Why does that matter? Well, under a traditionally capitalist model, a project would only go ahead where the returns on capital are greater than the cost of capital. As a result of diminishing marginal returns, simple economics would tell you that Chinese economic growth should slow as sequential projects are turned down as a result of that constraint.
So against 2014’s backdrop of a slowing economy, a political leader in a weak position and “made in China” global recessionary fears, China flooded the market with debt funded monetary and fiscal stimulus. The risk to the Communist government was too great so Xi threw fuel on the flames.
China returned to growth, the global economy continued on its merry way and stock markets begun once more to climb the wall of worry.
Against 2014’s slowing economy, China flooded the market with debt funded monetary and fiscal stimulus.
Whilst debt funded stimulus papered over the cracks by reducing the cost of capital to allow further growth in the near term, it added to a second limitation to growth for China; their consistently high debt levels. At more than 250% today and around 200% in 2014, Chinese total debt/GDP is higher than almost any other nation. Whilst one can argue that the majority of this debt is internal and can be managed by the communist Government, financial stability appears undeniably precarious.

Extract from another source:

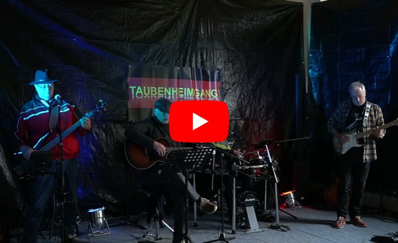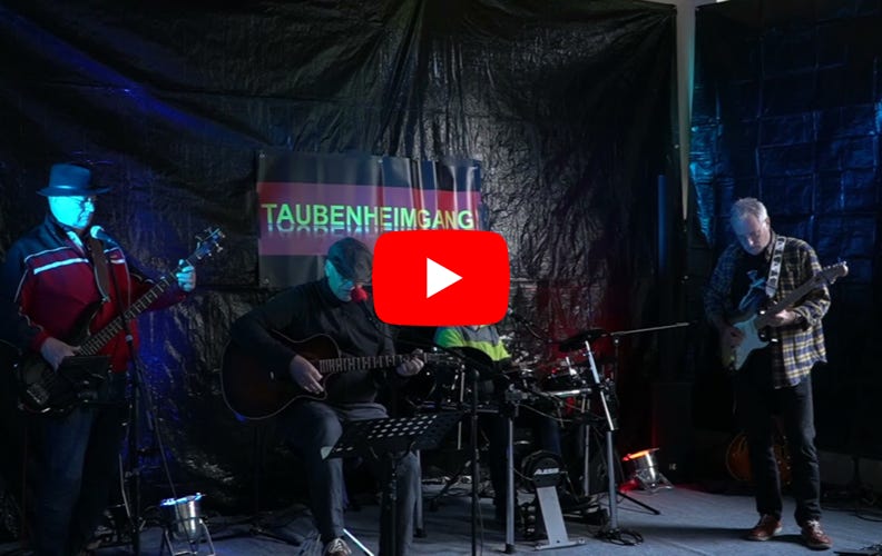Die Taubenheimgang hat ein Programm von gut 3 Stunden reiner Spielzeit am Start. Es umfasst allseits bekannte englischsprachigen Rock- und Folk-Klassiker ebenso wie Deutschrock. Auch Lieder von DDR-Bands haben wir im Programm. Hören und sehen kann man uns auf unserem Youtube-Kanal:

Back to the politics, and after two years of debt fuelled strong growth, the next important point on the timeline was Xi’s consolidation of power at the 19th party congress in October 2017. Here he was able to marginalise certain political factions, gain support from the central military commission and push through the constitutional amendment removing the presidency’s term limit; Xi had moved from a position of political weakness to one of great strength.
And that takes us to today, where I believe that we are beginning to see the sugar rush stimulus of 2015 wear off and diminishing marginal returns again pressuring economic growth. If I’m right that recent growth has been nothing more than a hiatus from the problems of the previous slow-down then the important thing to ask ourselves is what is Xi Jinping’s most likely reaction?
On the one hand one must remain cognisant that to retain control, the Communist government must continue to provide prosperity and growth; that implies another bout of stimulus to both the Chinese and the global economy.
But on the other hand it must be believed that China now has a long term prerogative to grow its importance and relevance in the global economy. This implies that long term financial stability is necessary and, from a position of strength, may mean that now is the time for Xi to allow growth to slow and the demise of unprofitable companies through the creative destruction that is a necessary evil of capitalism.
There are many moving parts within the financial world that we like to think that we can reasonably forecast. Unfortunately, Chinese politics is more likely to be one where we’ll just have to wait and see.